In 2011, the first time I saw a few fragments of the Turfan textile collection, held in the Museum für Asiatische Kunst (Museum of Asian Art) in Berlin, I had no idea that they represented only a small part of a range of about three hundred fifty compounds that, different in style and technique and datable to between the eighth and the fourteenth centuries, comprised the collection. The fragments were gathered, together with wall paintings, architectural wooden structures, sculptures, and other tools of daily use, during the four Prussian-Turfan expeditions conducted by Albert Grünwedel (1856-1935) and Albert von Le Coq (1860-1930) at the beginning of the last century, between 1902 and 1914, in the Xinjiang Province of China. Although at first glance the collection might be classified as Chinese, it betrays a strong Sino- Iranian and Turkic matrix rooted in archaic forms and images that had circulated in China, Central Asian, and Mongolia on various media for many centuries, and were eventually recontextualized in specific areas with indigenous features.

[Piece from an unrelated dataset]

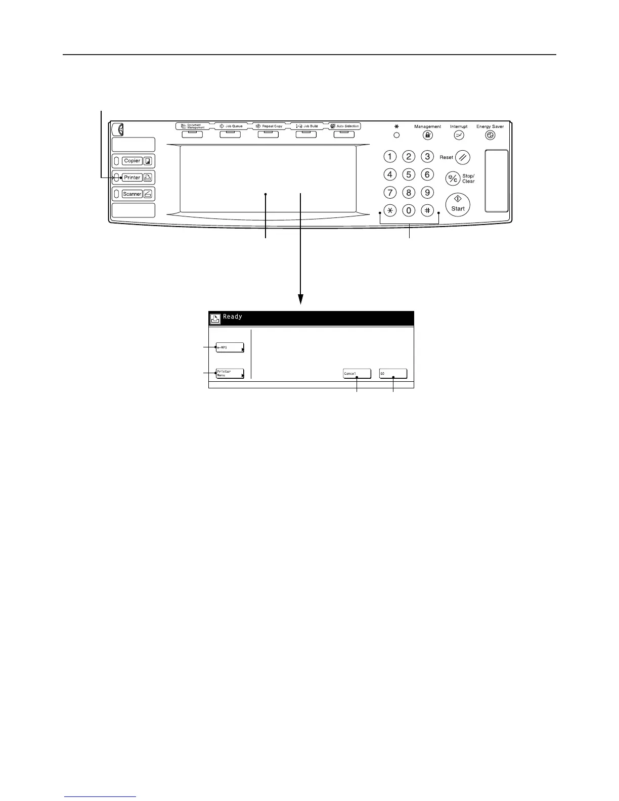 Printer key: Press when you want to switch the machine to the Printer mode and have the basic printer screen displayed on the touch

If this fragmented treasure is ultimately to be visible to the public, it will be necessary to have it shown in a digital three-dimensional reconstruction, with related color palettes, and diagrams of the composition as a whole and of each singular pattern, in order to guide the visitor through the creation of specific graphic elements that will also be visible in the other media on display. Processes of artistic adaptation and rejection are visible on many different surfaces, from wooden beams to wall paintings and textiles. The art of weaving often renews and transforms ancient models, or uses images and religious or social symbols without necessary transfer their original meaning. For this reason, in order to avoid a static and classic way of displaying art that would already be trapped in the façade of a “glorious past,” the new Central Asian Art Gallery at the Humboldt Forum should employ modern digital tools (with related information) to display the Turfan textile collection , order to make it accessible to viewers, and to re-define what Central Asian art is, and what role it played in the transcultural and trans-media interactions between East and West.